Recorded information:
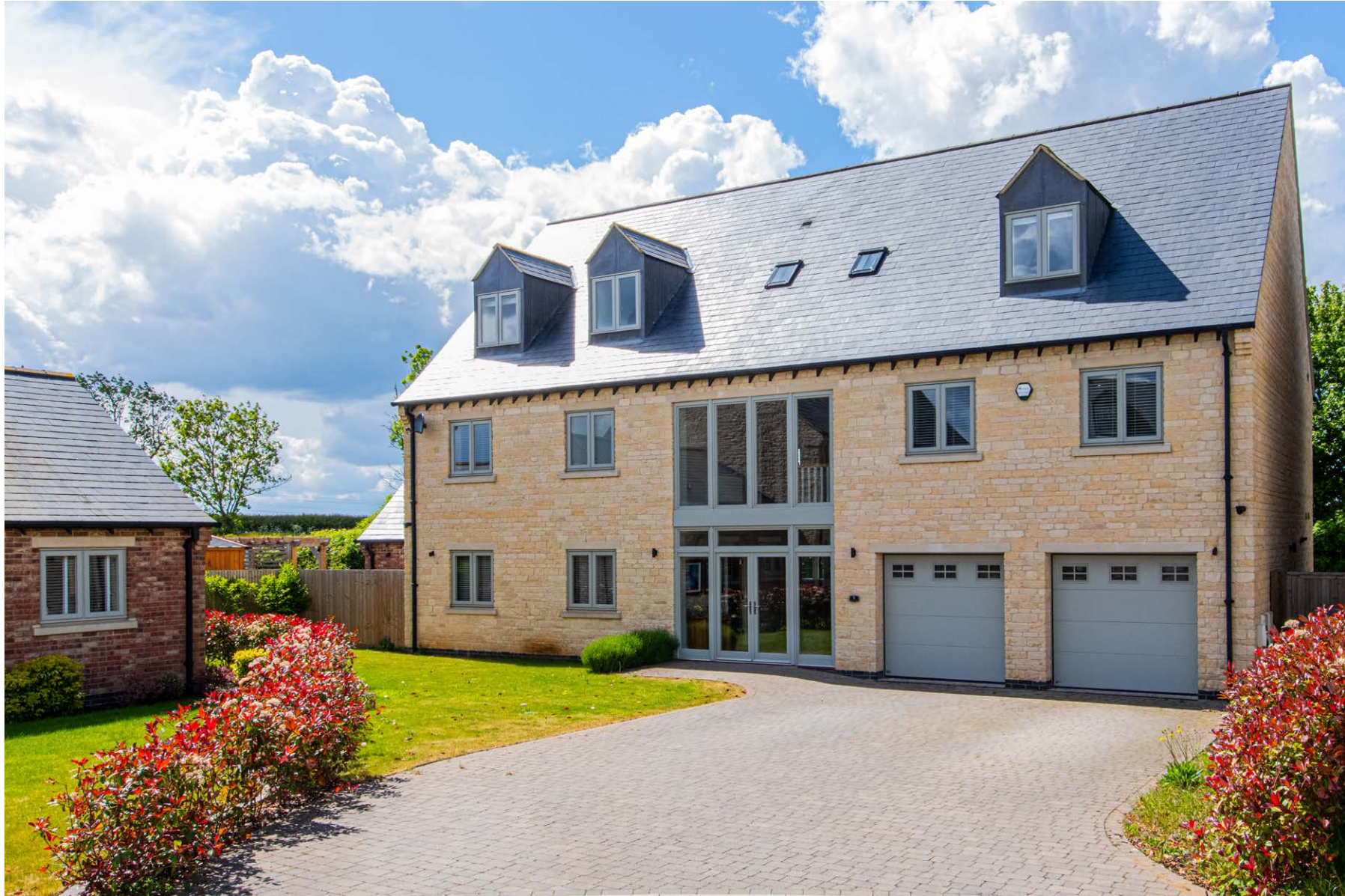
Coles Close, Little Harrowden
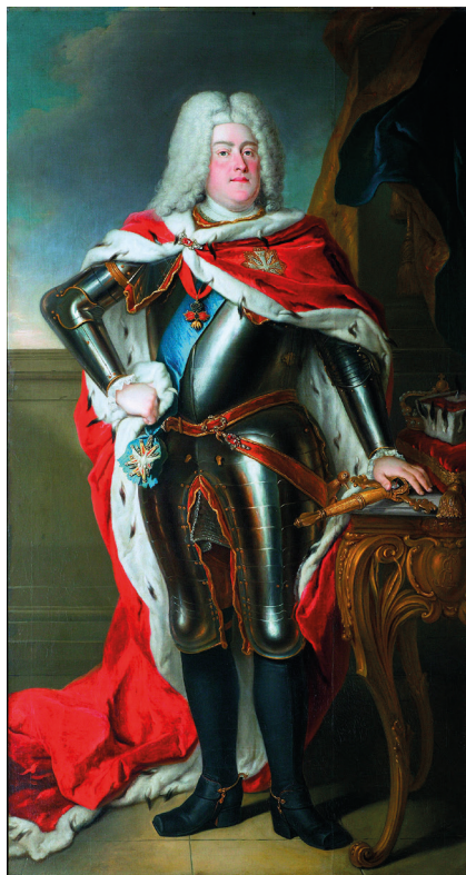
Fig. 7. Silvestre, Louis, de. Portrait of August III of Poland (August II of Sachsen). 1733. Oil, canvas. 205 × 90. Stadtgeschichtliches Museum Leipzig, inv. no. Fürstenbild Nr. 26

w Krakowie, inv. no. III-ryc.-30345 [XXIX]) and a medal minted to commemorate pacification of Sejm of 1736 and glorify August III in which the two countries are shaking hands (plaster cast of the medal from the reign of Augustus III, 2 nd half of the 19 th century, Muzeum Narodowe w Krakowie, inv. no. IX-MP-249/70 [XXX]). The symbolism of the two crowns in the time of August II entered the art both in the medium of portrait engraving (“Portrait of Friderikus Augustus”, c. 1696, engraving, etching, Muzeum Narodowe w Krakowie, III-ryc.-30543 [XXXI]) and oil portrait (“Portrait of August II” by Louis de Silvestre, 1718, Gemäldegalerie Alte Meister, Dresden, inv. no. Gal.-Nr. 3943 [XXXII], “Portrait of Christiane Eberhardine, Spouse of August II”, c. 1720, Gemäldegalerie Alte Meister, Dresden, Gal.-Nr. 3948). Oil portraits with two crowns gained special popularity under his successor (“Portrait of August III” by Louis de Silvestre, c. 1737, Muzeum Narodowe w Krakowie, Pałac Biskupa Erazma Ciołka [XXXIII]; “Portrait of August III” by Louis de Silvestre, 1733, Stadtgeschichtliches Museum, Leipzig, inv. no. Fürstenbild Nr. 26, fig. 7; “Portrait of Maria Josepha, Spouse of August III” by Louis de Silvestre, 1737, Gemäldegalerie Alte Meister, Dresden, Gal.-Nr. 3954, a copy after it in Stadtgeschichtliches Museum Leipzig, oil, canvas. 158 × 120, inv. no. XXVII/169, fig. 8).
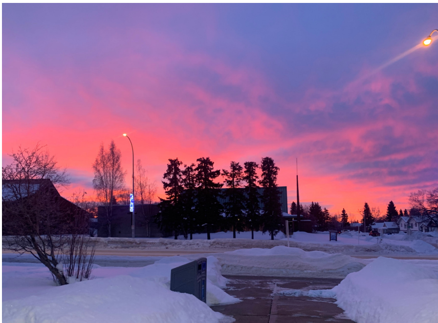
PEACE COUNTRY SUNRISE IN FRONT OF THE TOWN BUILDING

Beaverlodge FCSS and the Recreation Center are looking for donations of gently used hockey equipment. Skates, helmets, hockey gloves and sticks would be most appreciated. We are hoping to get a collection to have on hand for community members to use. If you or your kids have outgrown any and would like to donate, please drop off at the Recreation Center 1016 - 4th Ave.
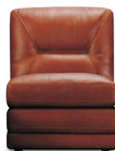
MODULAR 1 SEATER SOFA NO ARMS W: 69CM D: 100CM H: 91CM SH: 51CM
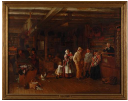
Title: Village Post Office Date: 1873 Primary Maker: Thomas Waterman Wood Medium: Oil on canvas
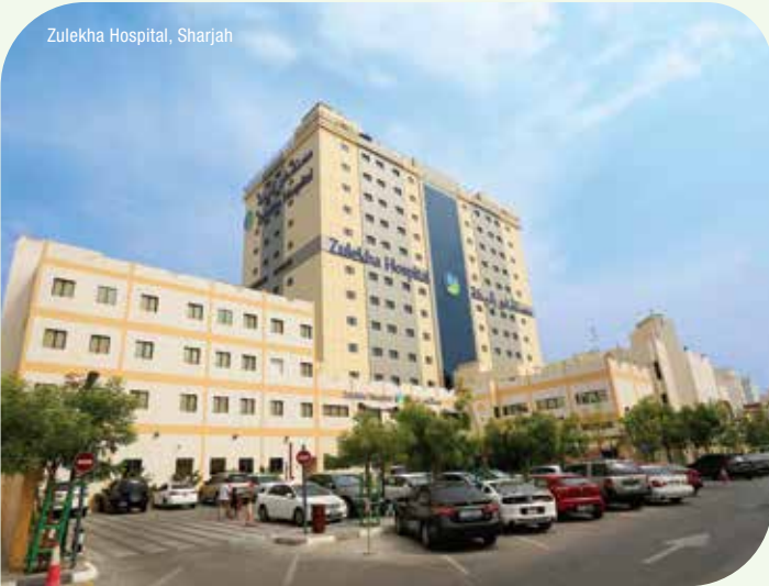
Zulekha Hospital, Sharjah
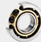
Bronze ball guided cage
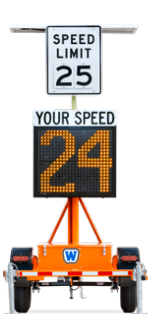
Compact Speed Trailer

Regulatory sign sizes from 24 × 30 up to 48 × 60
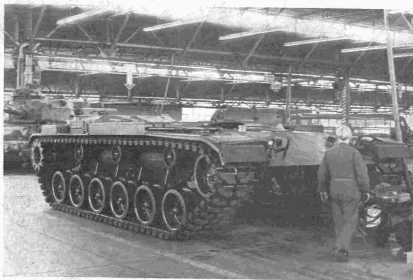
REINCARNATION — The body of the tank is now ready to be married once again to its turret top.
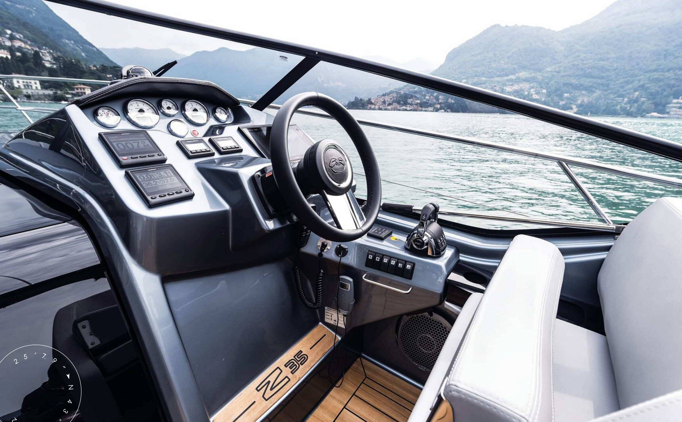
MAIN HELM STATION
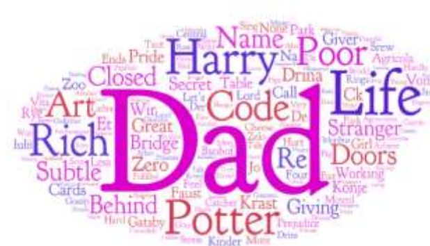
Figure 2: Wordcloud of book titles that students named as their favourite books
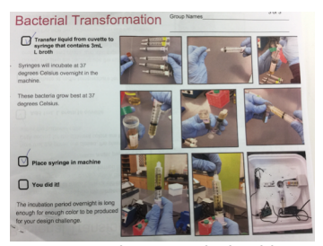
Figure 5: Lab Protocol Checklist
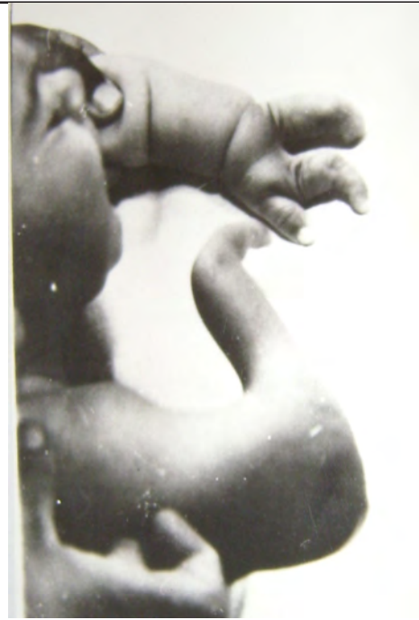
Fig. 8: Monodactyly of right hand and macrodactyly and split left hand.
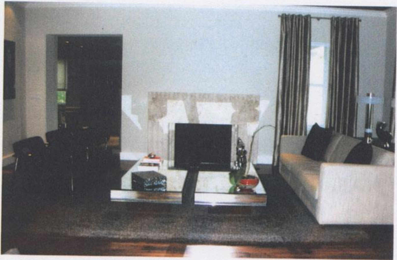
Living Room 1101 N Greenway Dr. Photo #4
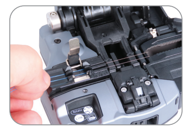
CT-16A Adapter Plate on CT-50
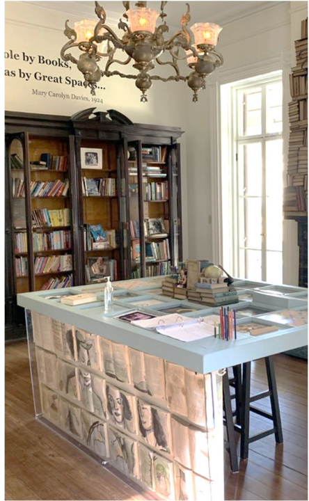
The images show the curving stair rail, a gray plastic chair for sitting, and the library room with bookcases and an activity table.
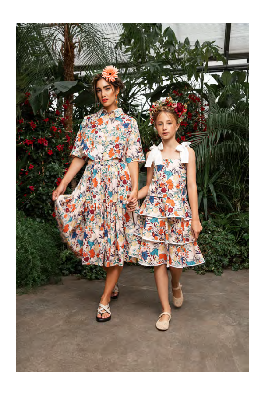
atelier P A R S M E I
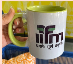
IIFM MUG Rs. 250/-
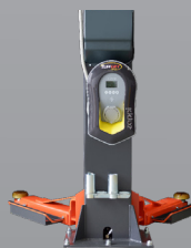
EV Charging Station
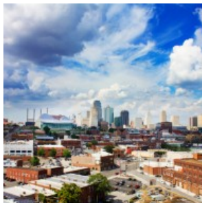
Office Products Alliance President talks future-proofing
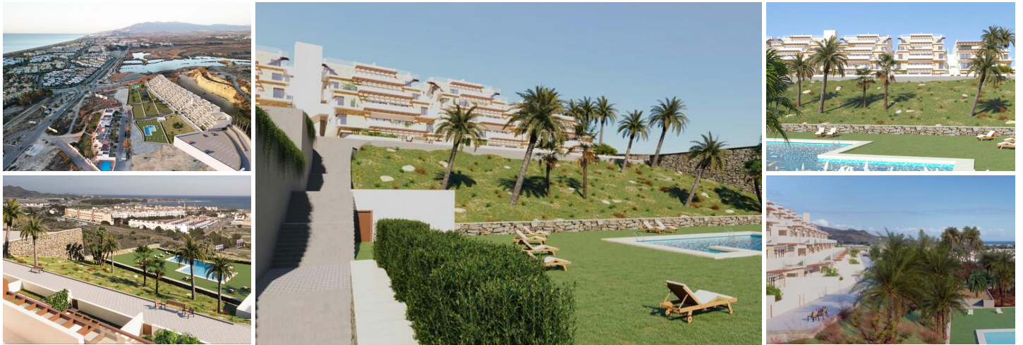
New Build Apartments with Sea Views in Vera Playa, Almería

Discover this exceptional new residential development in Vera Playa, offering 27 modern apartments in its first phase. Designed to combine comfort, functionality, and spectacular Mediterranean views, this project is ideal for those seeking a home on the Costa de Almería with style and convenience.
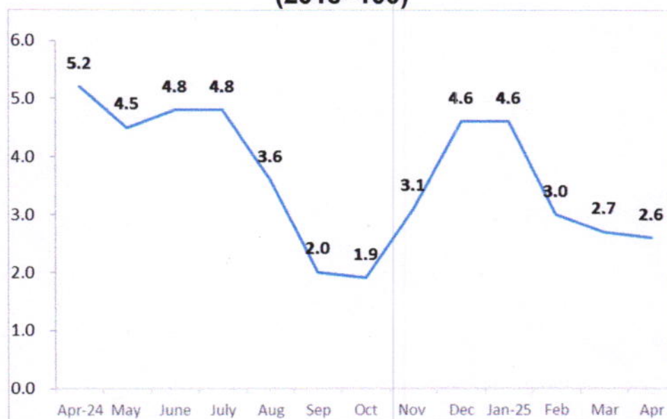
Figure 1. Headline Inflation Rates in Baguio City, All Items (2018=100)
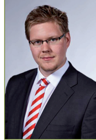
Mr. Antti Lindtman II Vice Chairman of the Helsinki Metropolitan Area Advisory Board Chairman of the City Council
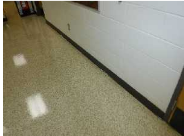
Photo 20 Description: Baseboard adhesive Location: Hallway Asbestos: Suspect
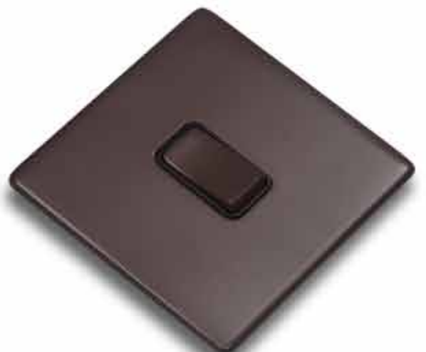
Antique Bronze SE-33
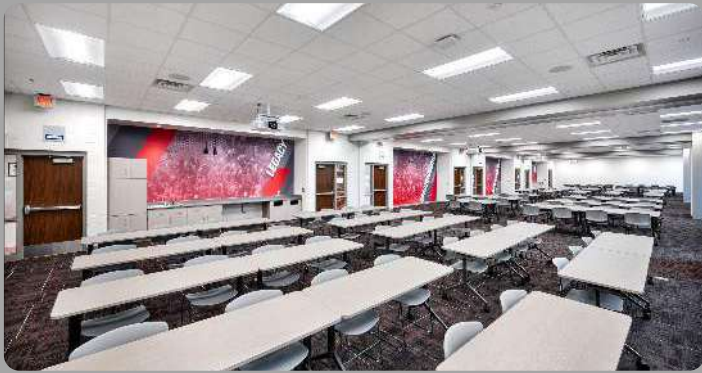
Paul Logan Fieldhouse Community Rooms

Over the last two years, we have made significant progress on the renovation projects at North Central. We have completed a full renovation of the auditorium, constructed the Paul Logan Fieldhouse, upgraded classrooms, and enhanced site safety and circulation around the campus. Additionally, we have completed the construction of a new soccer press box and installed new field lighting and scoreboards. Substantial improvements have also been made to the Football Stadium, including new handicap accessible bleachers, a new press box, updated lighting, a new scoreboard, and a new building featuring visitor restrooms and concessions.
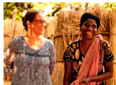
Relationships lead to discipleship

To be truly effective, theological training involves more than textbooks and diplomas. Leaders must become disciples of Christ. While technology makes it possible to help many pastors remotely, we are finding our most effective ministry happens face-to-face.

Directions for this task: Extract from the data every line where "Almería" shows up.

Solution to this task:
New Build Apartments with Sea Views in Vera Playa, Almería
Discover this exceptional new residential development in Vera Playa, offering 27 modern apartments in its first phase. Designed to combine comfort, functionality, and spectacular Mediterranean views, this project is ideal for those seeking a home on the Costa de Almería with style and convenience.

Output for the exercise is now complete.